Evaluating linkage quality.

Approach Key points
‘Gold standard’ or reference data • Data where the true match status is known, used to test linkage algorithms and estimate rates of linkage error.
• Typically based on a subsample of records that have been manually reviewed, an additional data source with complete identifiers, a representative synthetic dataset, or external reference rates for the population of interest
 ^ For example, comparison of mortality rates based on linkage of death registrations versus national figures (Schmidlin et al., 2013) or comparison of infection rates within a subset of validated data (Harron et al., 2013, Paixao et al., in press).
Post-linkage data validation • Used to estimate minimum false-match rates by identifying implausible scenarios within the data.
 ^ For example, linkage of a hospital admission record following a known date of death could indicate a false-match; as could linkage of multiple death records to a single census record (Blakely and Salmond, 2002; Hagger-Johnson et al., 2014).
Sensitivity analyses • Used to assess the extent to which results vary according to different linkage criteria.
• Could involve changing the linkage algorithm or changing the threshold within probabilistic linkage, and re-running analyses to evaluate any impact on results (Lariscy, 2011).
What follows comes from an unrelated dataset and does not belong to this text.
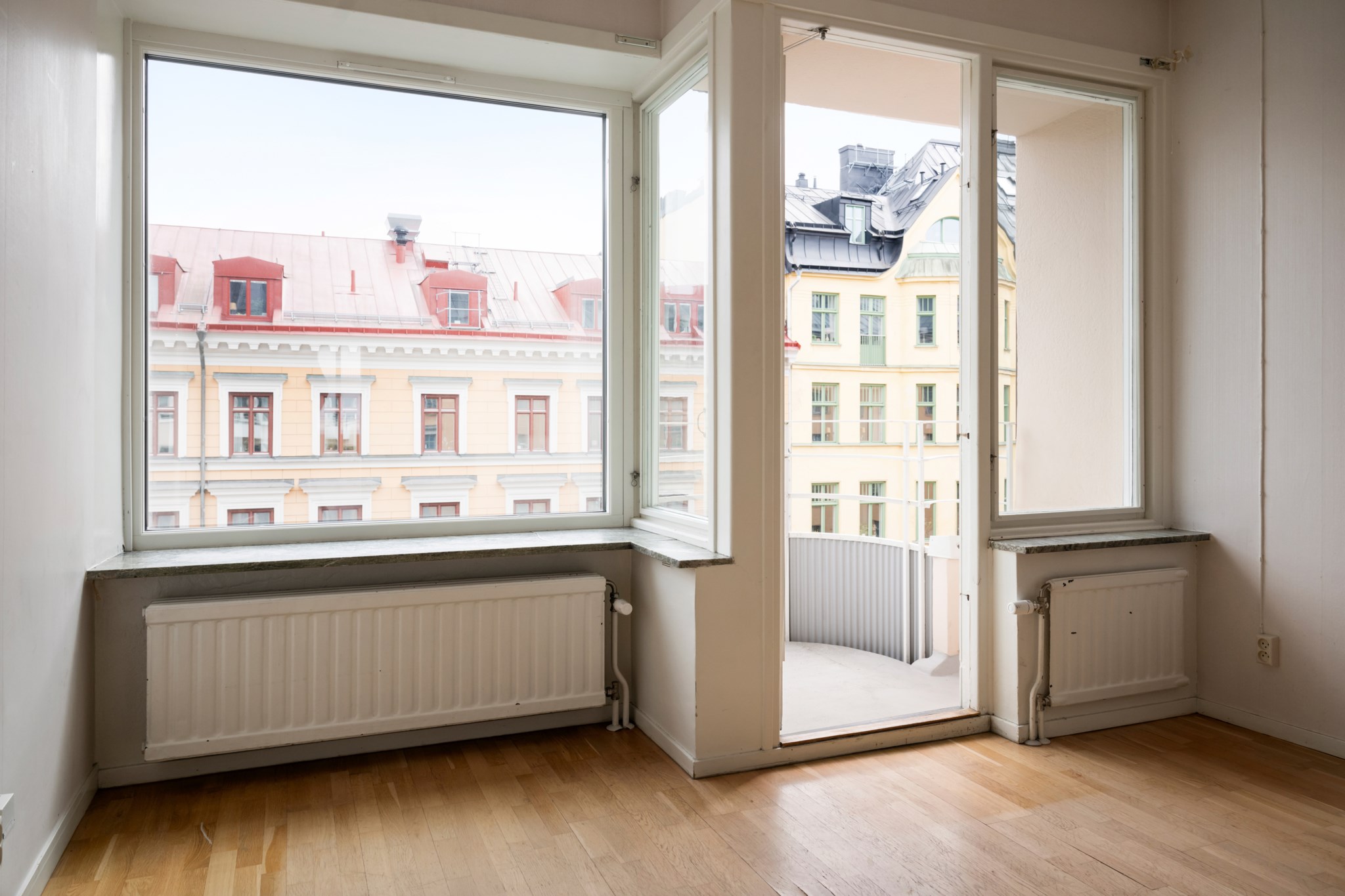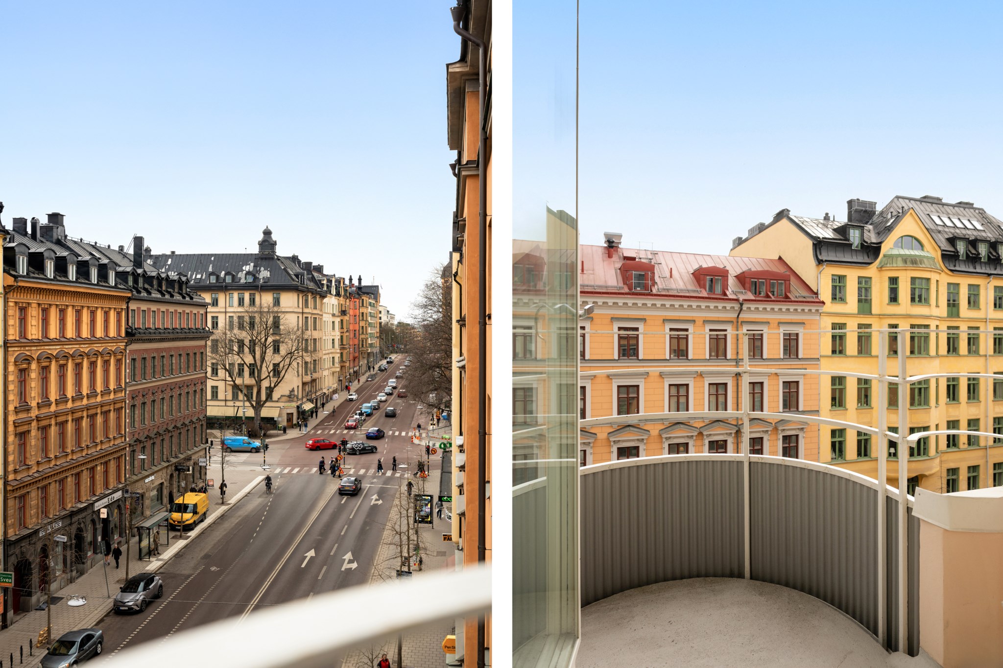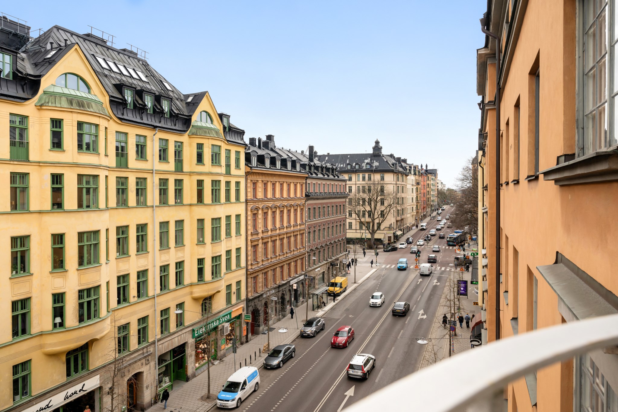 Möblerbar balkong i soligt söderläge med härlig vy mot Slussen i öster och Hornsgatspuckeln i väster. Här kan du avnjuta solen större delen av dagen.

 ^ For example, comparing results over a range of match weights could help identify the direction of the effect of linkage errors on outcomes of interest (Moore et al., 2014).
Comparing characteristics of linked and unlinked data • Used to identify any differences in linkage rates for different subgroups of individuals.
 ^ For example, comparing rates of preterm birth in linked and unlinked maternity records (Ford et al., 2006; Harron et al., 2016).
• Where not all records are expected to match, distributions of variables in the linked data can be compared to external sources (e.g. age and/or ethnic group distributions from national census data) to explore any evidence of selection bias (Harron et al., 2016).